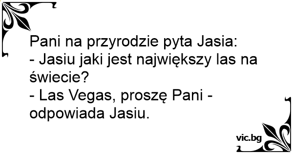 - Las Vegas, proszę Pani - odpowiada Jasiu.
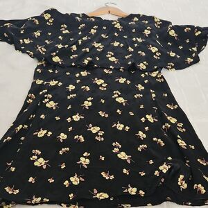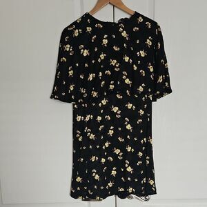 This chic sundress from Zara features a black base adorned with delicate yellow floral prints. Designed with a crew neck and flutter sleeves, it offers a casual yet stylish look perfect for work or leisure. The mini length adds a playful touch, making it a versatile addition to your wardrobe.
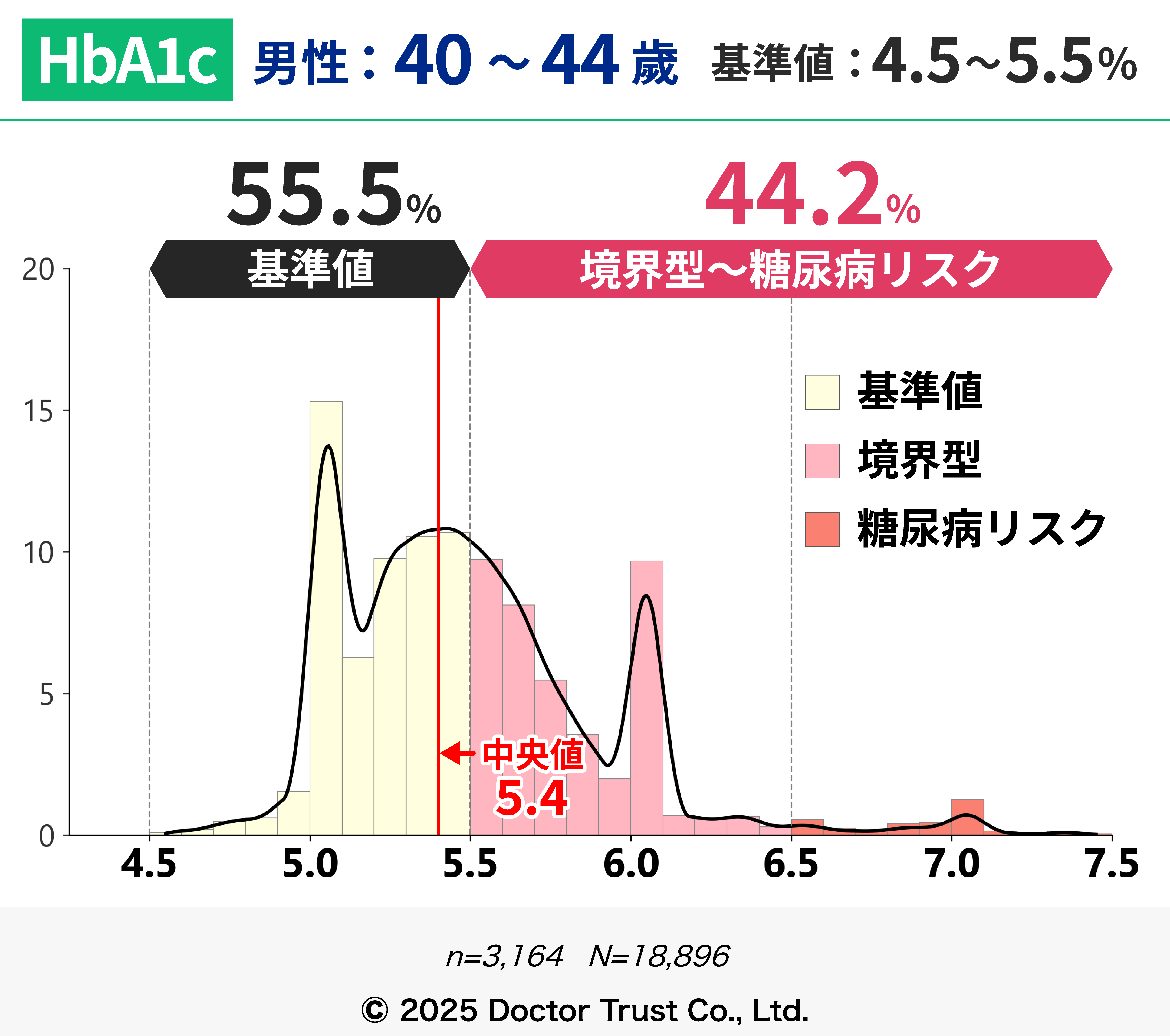 境界型~糖尿病リスクの割合に着目すると、特定保健指導が始まる40~44歳では44%と高い結果です。
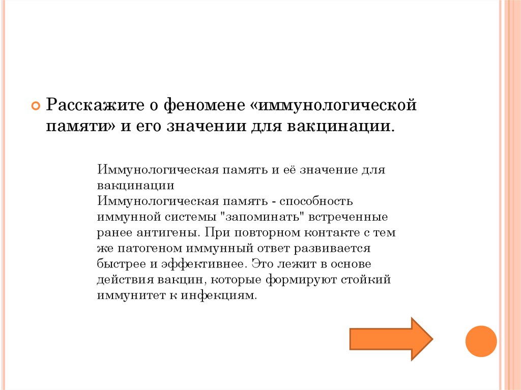 Расскажите о феномене «иммунологическойпамяти» и его значении для вакцинации.
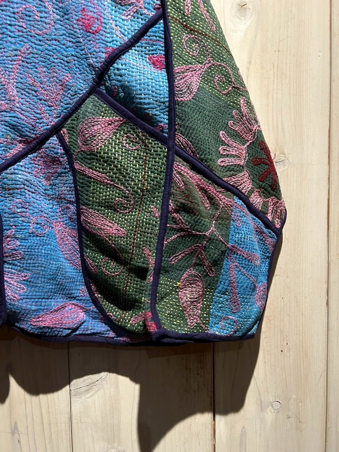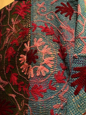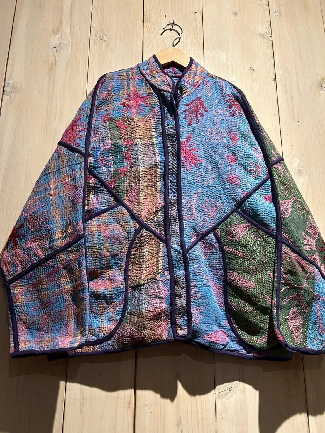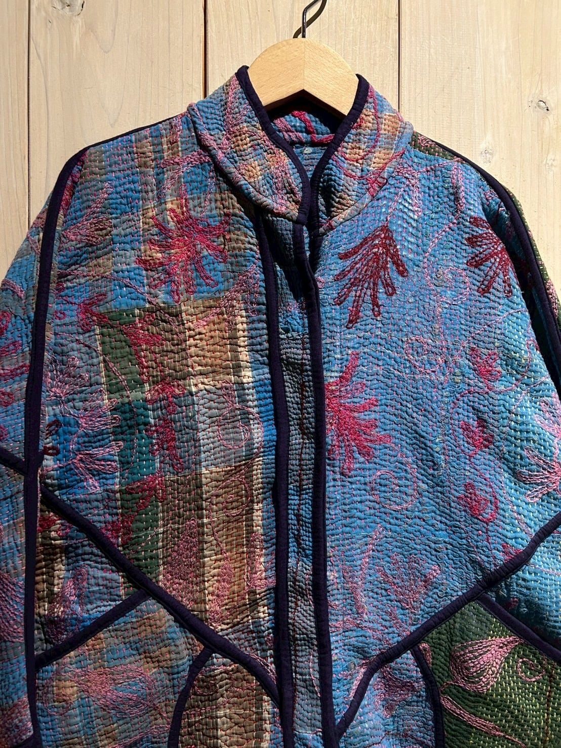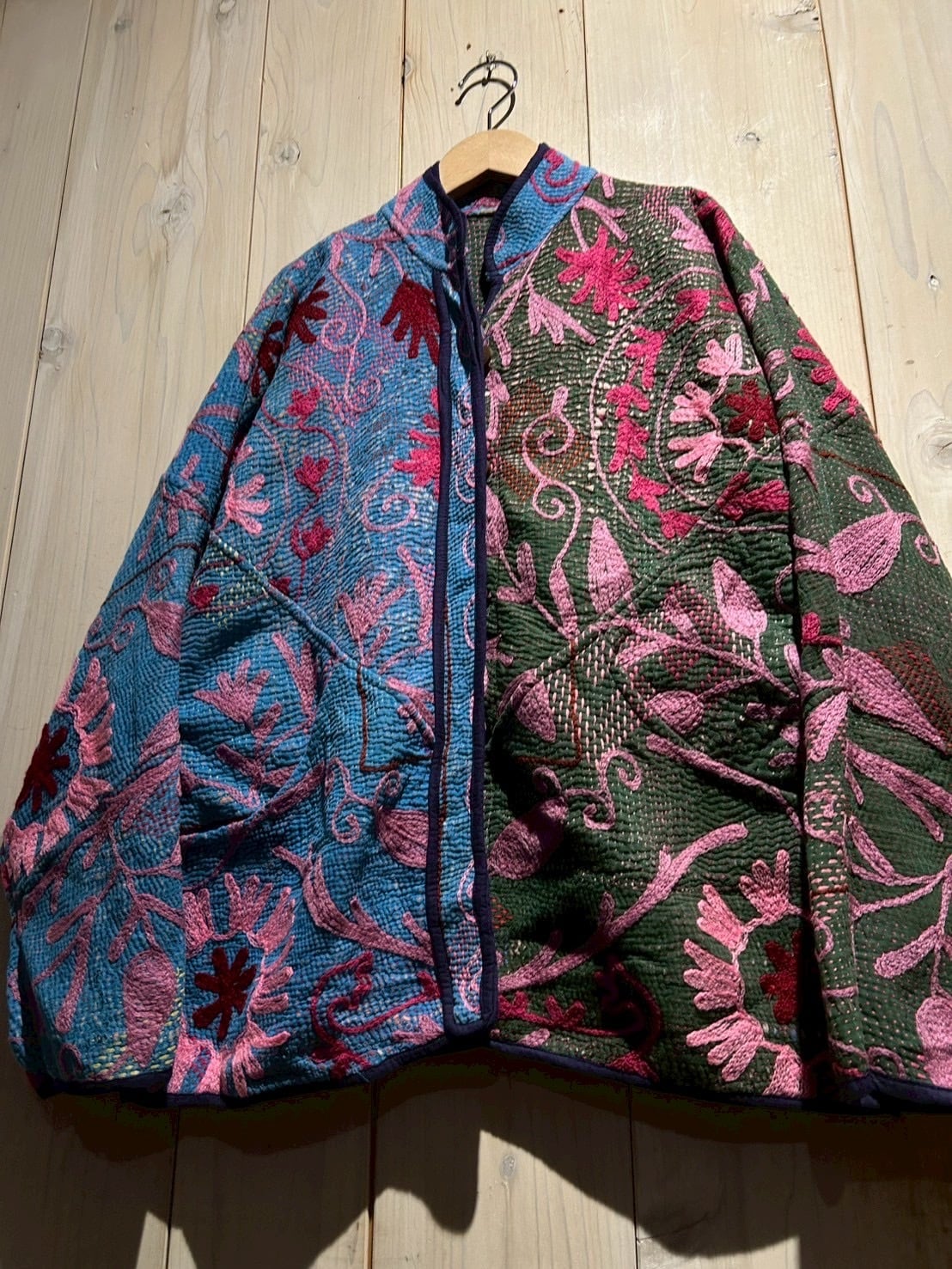 このブランドの最大の特徴でもある、インドのアンティークテキスタイルを用いたボディに、ボタニカルな刺繍を刻んだジャケット。
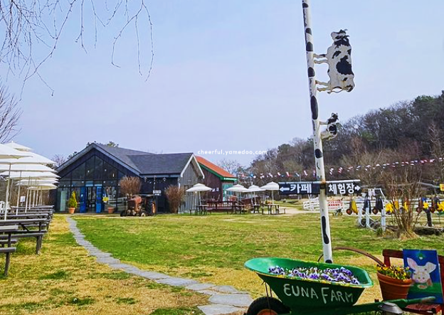 은아목장은 여주 시내에서 차로 20분 정도 걸렸고, 주변이 논밭이라 도착하기 전부터 한적한 분위기가 느껴진 여주 가볼만한곳 베스트10이었습니다. 입장료는 1인당 7,000원이었고, 매표소 옆에서 건초도 별도로 구매할 수 있었습니다.
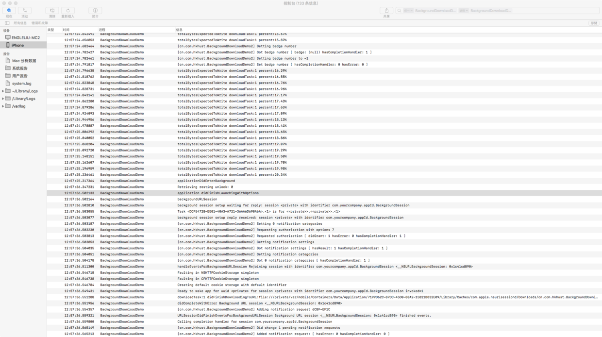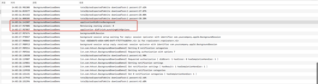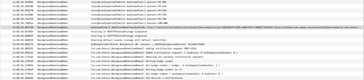 未挂起时,再进前台,会正常收到进度及完成回调,不会收到 -(void)application: handleEventsForBackgroundURLSession: completionHandler: 和 - (void)URLSessionDidFinishEventsForBackgroundURLSession::回调。
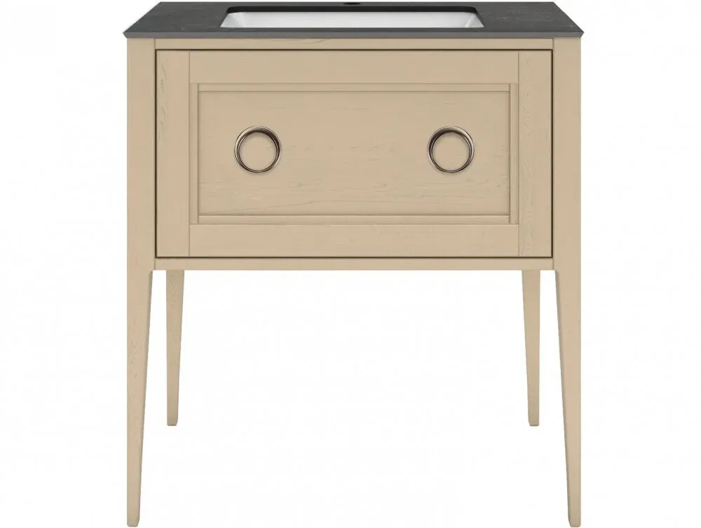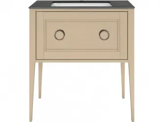 Напольная тумба с одним выдвижным и одним внутренним ящиками выполнена из массива ясеня с отделкой «открытая пора». Вместительный ящик с плавным закрыванием украшен двумя крупными ручками. Сочетается с керамическими столешницами PLAZA Classic шириной 80 см. Подходит для установки раковин с типом монтажа «накладная на столешницу» и «встраиваемая сверху».
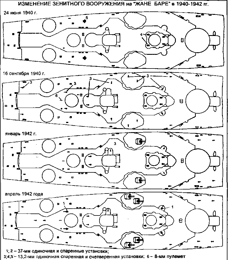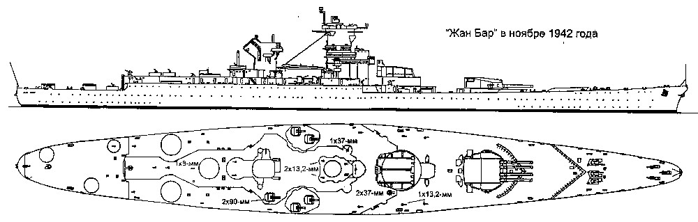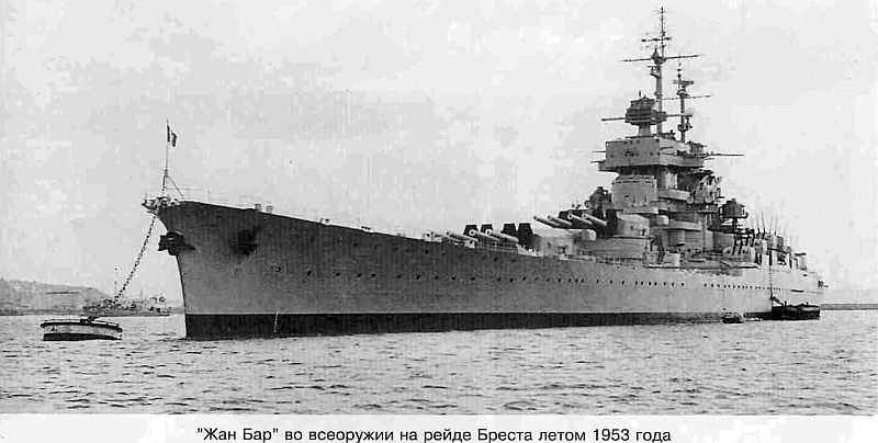 «Жан Бар» в 1950 г.: 8 380/45, 9 152/55, 8 40-мм, 20 20-мм, 4 учебных 90-мм;
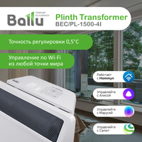 Плинтусный конвектор с Wi-Fi Ballu Plinth Transformer BEC/PL-1500-4I, 1.5 кВт, до 20 м2, инверторное управление
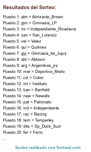 Lista de participantes: all = All_Boys, alm = Almirante_Brown, atl = Atletico_Tucuman, ald = Aldosivi, bou = Boca_Unidos, cen = Rosario_Central, col = Colon, arg = Argentinos_jrs, dks = Sp_Dock_Sud, inr = Independiente_Rivadavia, itu = Ituzaingo, tig = Tigre, mer = Deportivo_Merlo, new = Newells, ssj = San_Martin_de_SJ, tem = Temperley, tir = Tiro_Federal, uni = Union_de_Santa_Fe, qui = Quilmes, sar = Sarmiento_de_Junin, est = Estudiantes_LP, rac = Racing, riv = River, lan = Lanus, bel = Belgrano, def = Defensa_y_Justicia, cha = Chacarita, ars = Arsenal, ban = Banfield, boc = Boca, fer = Ferro, gim = Gimnasia_LP, gyj = Gimnasia_de_Jujuy, god = Godoy_Cruz, hur = Huracan, ind = Independiente, int = Instituto, pat = Patronato, san = San_Lorenzo, vel = Velez.
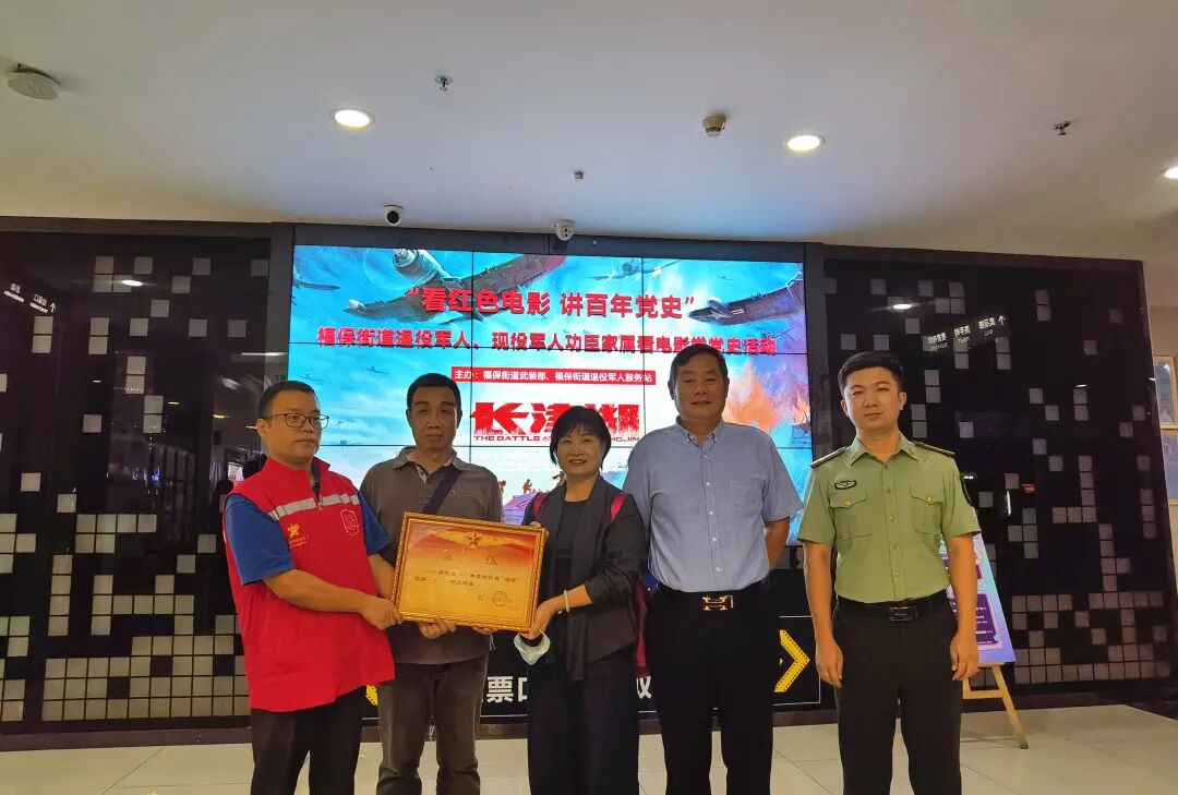 为进一步推进党史学习教育往深里走,弘扬抗美援朝革命精神,10月14日下午,深圳市福田区福保街道人民武装部、福保街道退役军人服务站将喜报送入电影院。这是该街道“看红色电影,学百年党史”系列活动之一——退役军人、现役军人家属同堂学党史之《长津湖》集中观影活动。
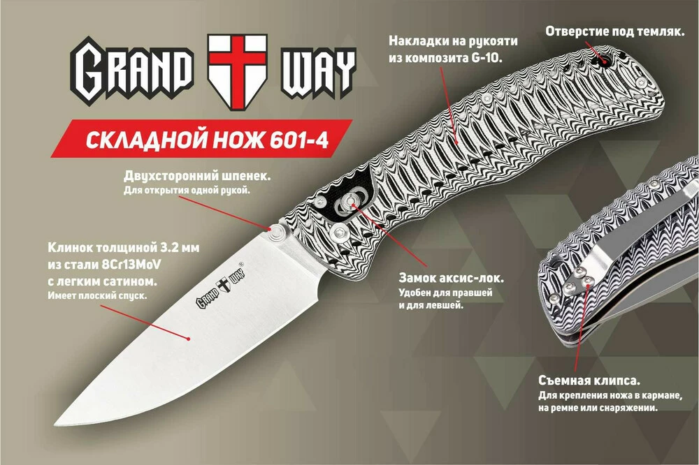 Нож складной Grand Way 601-4 - cовременный складной нож с клинком из высококачественной нержавеющей стали, дополнительно легированной молибденом и ванадием.
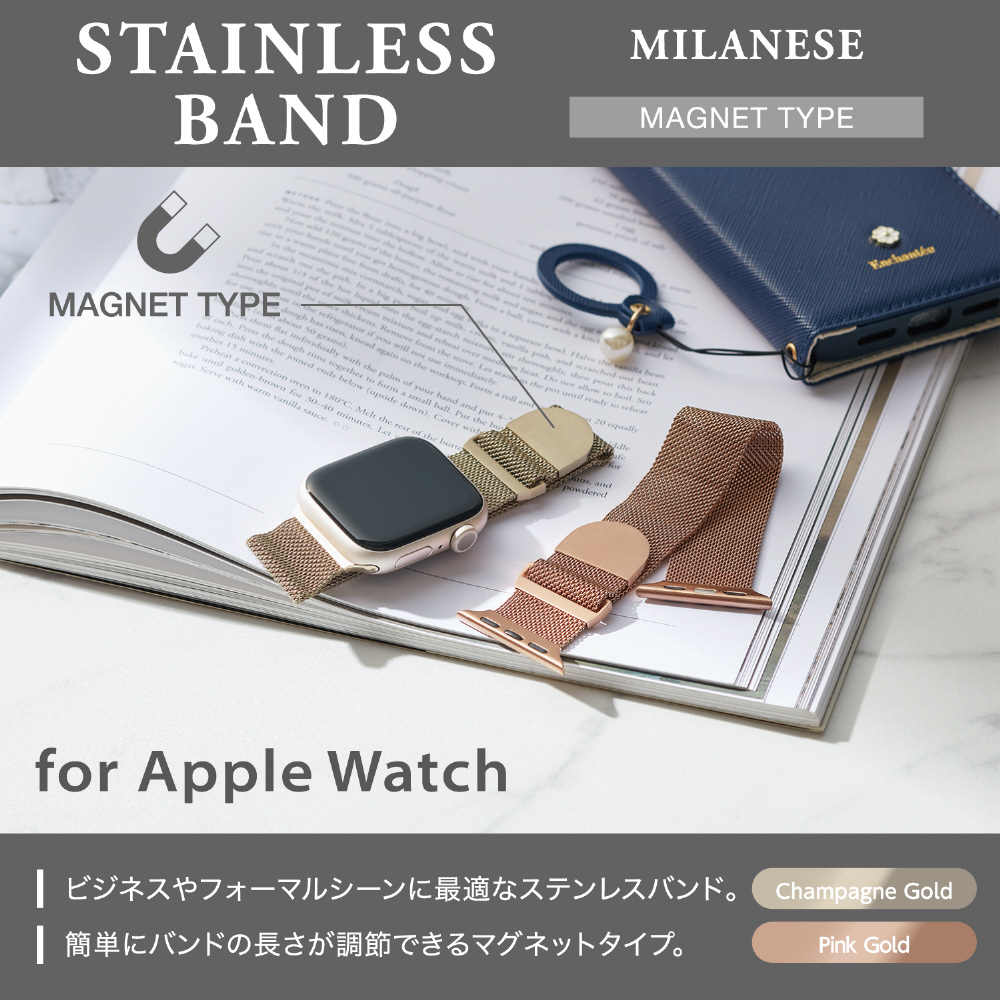 アップルウォッチ バンド Apple Watch SE ( 第2世代 / 第1世代 ) / Series 9 / 8 / 7 / 6 / 5 / 4 / 3 / 2 / 1 41mm 40mm 38mm ステンレス マグネット ベルト ミラネーゼ ピンクゴールド AW-41BDSSMMPN

▶ Work to be completed: Restate each entry verbatim and skip every image.

▶ Exercise solution:
 - Las Vegas, proszę Pani - odpowiada Jasiu.
 This chic sundress from Zara features a black base adorned with delicate yellow floral prints. Designed with a crew neck and flutter sleeves, it offers a casual yet stylish look perfect for work or leisure. The mini length adds a playful touch, making it a versatile addition to your wardrobe.
 境界型~糖尿病リスクの割合に着目すると、特定保健指導が始まる40~44歳では44%と高い結果です。
 Расскажите о феномене «иммунологическойпамяти» и его значении для вакцинации.
 このブランドの最大の特徴でもある、インドのアンティークテキスタイルを用いたボディに、ボタニカルな刺繍を刻んだジャケット。
 은아목장은 여주 시내에서 차로 20분 정도 걸렸고, 주변이 논밭이라 도착하기 전부터 한적한 분위기가 느껴진 여주 가볼만한곳 베스트10이었습니다. 입장료는 1인당 7,000원이었고, 매표소 옆에서 건초도 별도로 구매할 수 있었습니다.
 未挂起时,再进前台,会正常收到进度及完成回调,不会收到 -(void)application: handleEventsForBackgroundURLSession: completionHandler: 和 - (void)URLSessionDidFinishEventsForBackgroundURLSession::回调。
 Напольная тумба с одним выдвижным и одним внутренним ящиками выполнена из массива ясеня с отделкой «открытая пора». Вместительный ящик с плавным закрыванием украшен двумя крупными ручками. Сочетается с керамическими столешницами PLAZA Classic шириной 80 см. Подходит для установки раковин с типом монтажа «накладная на столешницу» и «встраиваемая сверху».
 «Жан Бар» в 1950 г.: 8 380/45, 9 152/55, 8 40-мм, 20 20-мм, 4 учебных 90-мм;
 Плинтусный конвектор с Wi-Fi Ballu Plinth Transformer BEC/PL-1500-4I, 1.5 кВт, до 20 м2, инверторное управление
 Lista de participantes: all = All_Boys, alm = Almirante_Brown, atl = Atletico_Tucuman, ald = Aldosivi, bou = Boca_Unidos, cen = Rosario_Central, col = Colon, arg = Argentinos_jrs, dks = Sp_Dock_Sud, inr = Independiente_Rivadavia, itu = Ituzaingo, tig = Tigre, mer = Deportivo_Merlo, new = Newells, ssj = San_Martin_de_SJ, tem = Temperley, tir = Tiro_Federal, uni = Union_de_Santa_Fe, qui = Quilmes, sar = Sarmiento_de_Junin, est = Estudiantes_LP, rac = Racing, riv = River, lan = Lanus, bel = Belgrano, def = Defensa_y_Justicia, cha = Chacarita, ars = Arsenal, ban = Banfield, boc = Boca, fer = Ferro, gim = Gimnasia_LP, gyj = Gimnasia_de_Jujuy, god = Godoy_Cruz, hur = Huracan, ind = Independiente, int = Instituto, pat = Patronato, san = San_Lorenzo, vel = Velez.
 为进一步推进党史学习教育往深里走,弘扬抗美援朝革命精神,10月14日下午,深圳市福田区福保街道人民武装部、福保街道退役军人服务站将喜报送入电影院。这是该街道“看红色电影,学百年党史”系列活动之一——退役军人、现役军人家属同堂学党史之《长津湖》集中观影活动。
 Нож складной Grand Way 601-4 - cовременный складной нож с клинком из высококачественной нержавеющей стали, дополнительно легированной молибденом и ванадием.
 アップルウォッチ バンド Apple Watch SE ( 第2世代 / 第1世代 ) / Series 9 / 8 / 7 / 6 / 5 / 4 / 3 / 2 / 1 41mm 40mm 38mm ステンレス マグネット ベルト ミラネーゼ ピンクゴールド AW-41BDSSMMPN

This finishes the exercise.